Blocher addressed the misunderstanding that Second Amendment gun rights and gun regulations cannot coexist.

"People too often think you have to make some kind of choice between gun rights and gun regulation,” Blocher said, “but it's not true as a matter of history, it’s not true as a matter of doctrine at any point in American history including the one we’re in, and it’s not good policy either. Constitutional law doesn’t work that way.”

The speakers also discussed mass shootings. While Miller agreed that “mass shootings are very salient,” he noted their rarity compared to suicides and inner-city violence.

Swanson added that in the wake of mass shootings, people often demand “some kind of easy solution to it.” In reality, mass shootings make up a small portion of gun deaths, and gun regulations require much more than a “quick fix.”

In addition to gun laws, Swanson stressed the importance of changing societal attitudes surrounding gun regulation. Using the Click It or Ticket seat belt campaign as an example, Swanson affirmed that cultural norms can change over time with persistent, widespread effort.

To address gun violence, the speakers pressed students to vote and engage civically. Cook added that students could also volunteer with local groups that work with victims of gun violence.

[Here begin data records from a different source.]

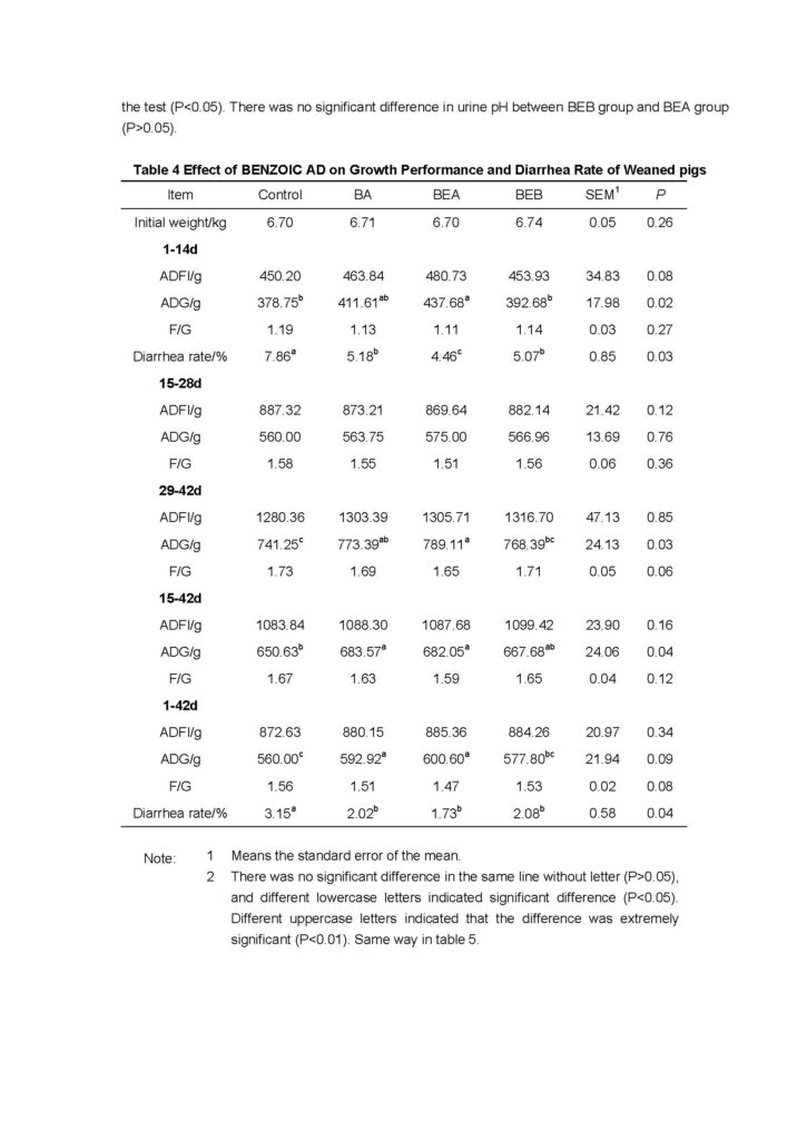 Effect of Benzoic Acid and BENZOIC AD in Feed on Growth Performance of Weaned Pigs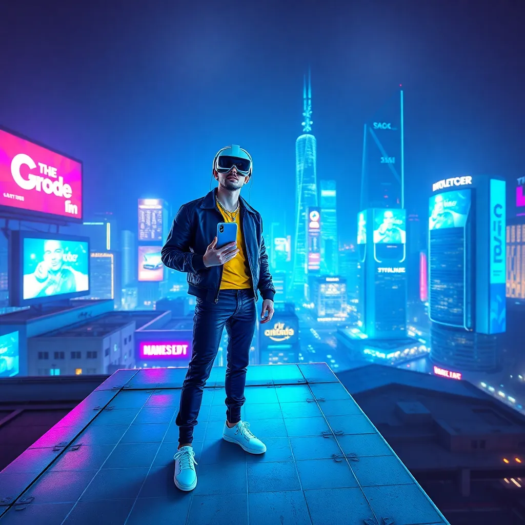Create an image of a futuristic cityscape with a trendy influencer standing on a rooftop, surrounded by neon lights and holographic advertisements. The influencer is dressed in a bold, futuristic outfit and holding a smartphone with a virtual reality headset. The cityscape should have a vibrant, electric blue hue.
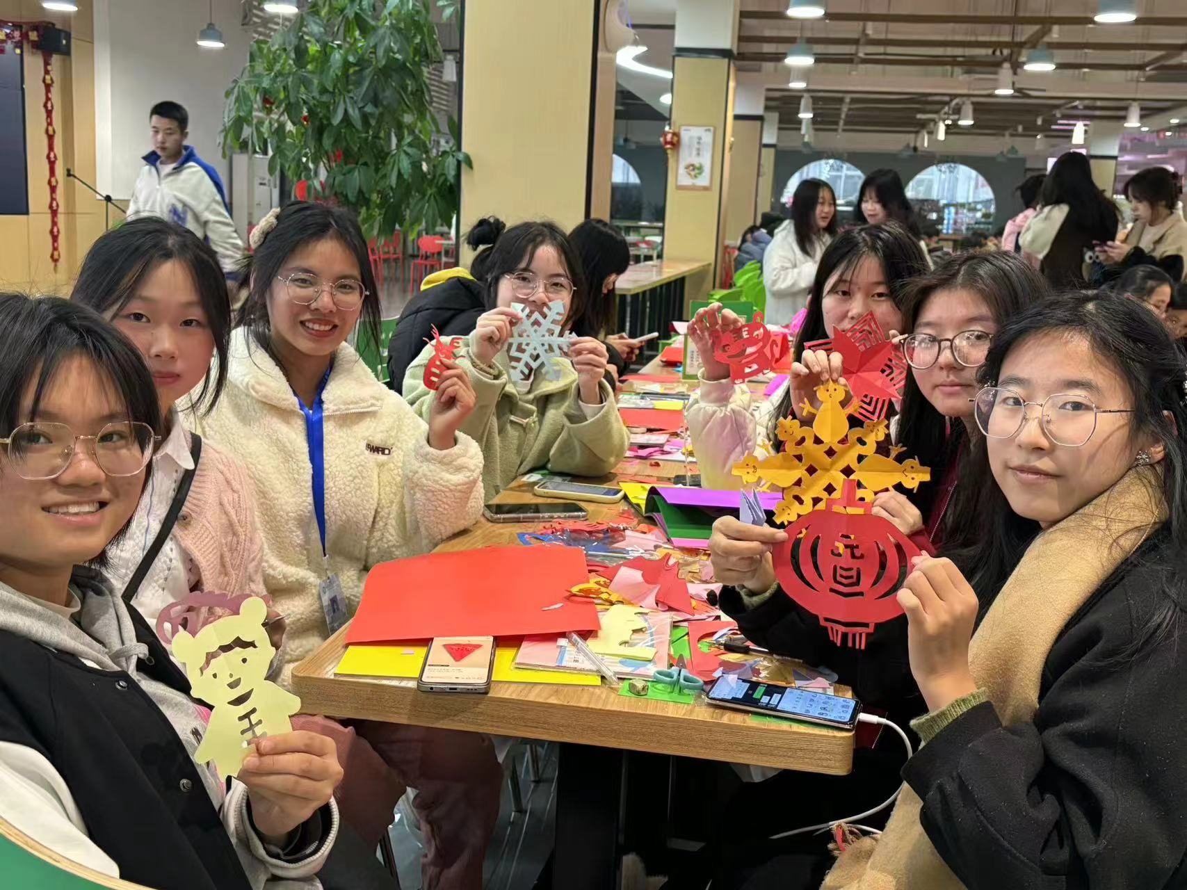 年关将至,龙年即将到来,剪纸艺术作为中国非物质文化遗产的一部分,承载着丰富的民族历史、文化信息、独特艺术的魅力。大家围坐桌边,一边热烈讨论着剪纸的技巧,一边亲手实践。

Swanson urged students not to be dismayed by gridlock at the federal level, but to look to state and local governments for opportunities for meaningful change.

Blocher encouraged students to remain engaged, saying, “Cultural and constitutional things can change, and that will be up to people like you.”

The event was sponsored by the Office of the Vice Provost; POLIS: Duke’s Center for Political Leadership, Innovation and Service; the Department of Political Science; the Office of Undergraduate Scholars and Fellows; and Duke Political Union.